Have you experienced any drawbacks to a blended capital stack?
Tom: There has been no shortage of drawbacks to this approach – the phrase, “building the plane while flying it,” comes to mind. The biggest drawback has been the time – doing what we have done has taken a lot of time, and I imagine it will continue to take time. However, it is time well spent… developing a framework for an expenditure responsibility grant to be paired with an Equity Raise, for example, took nearly a year, but the innovation, collaboration, business implications, and corresponding social impact and business growth of the grant+equity round was profound. Each one of our rounds and investments has taken a lot of bespoke work, which we plan to streamline in our upcoming round. The other major drawback has been the one that I think we all are experiencing and trying to solve for: Everyone knows we need to measure and value social and environmental impacts, but how do we do that? For us, we have the beginning framework for some of those ideas, but we need the rest of the movement to continue pursuing data-driven solutions that can measure ecosystem biodiversity, nutrient density, carbon sequestration, water retention, soil health, rural economic development, wealth transfer, economic mobility, and more. We – the collective “we” – are not there yet, but we need to keep moving forward with the intention of building the new framework of the future.

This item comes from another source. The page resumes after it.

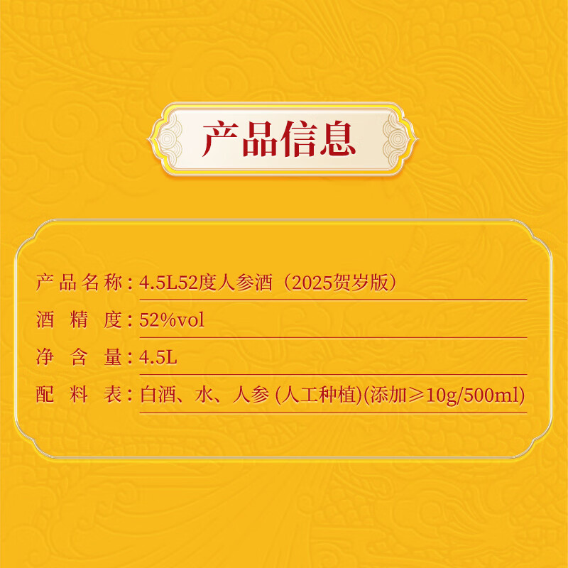 52°劲牌人参酒4.5L(2025贺岁版)

“If you don’t die, you always have a chance for all your dreams to come true!”
What are your next steps as an organization?
Tom: To meet the rapidly growing demand for local, sustainably produced, and equitably sourced food, 4P Foods has fostered relationships with over 200 farmers through the mid-Atlantic. For this to scale, 4P is expanding its relationships with a set of regional grower networks. Each network – including informal grower communities, farmer cooperatives, and more formally structured food hubs – works with a group of farmers to help them get “contract ready.” This includes providing critical technical assistance such as food-safety certification, transitioning to regenerative farming practices, meeting 4P’s packaging standards, and accessing capital to meet demand. Together, these networks are stitched together with technology and infrastructure, resulting in the alternative to industrial, linear, extractive supply chains in the form of regional, regenerative, supply webs.
What’s the most important lesson you have learned on your journey so far?
Tom: As one of my mentors told me along the way, after one of our many near-death experiences as a company: “If you don’t die, you always have a chance for all your dreams to come true!”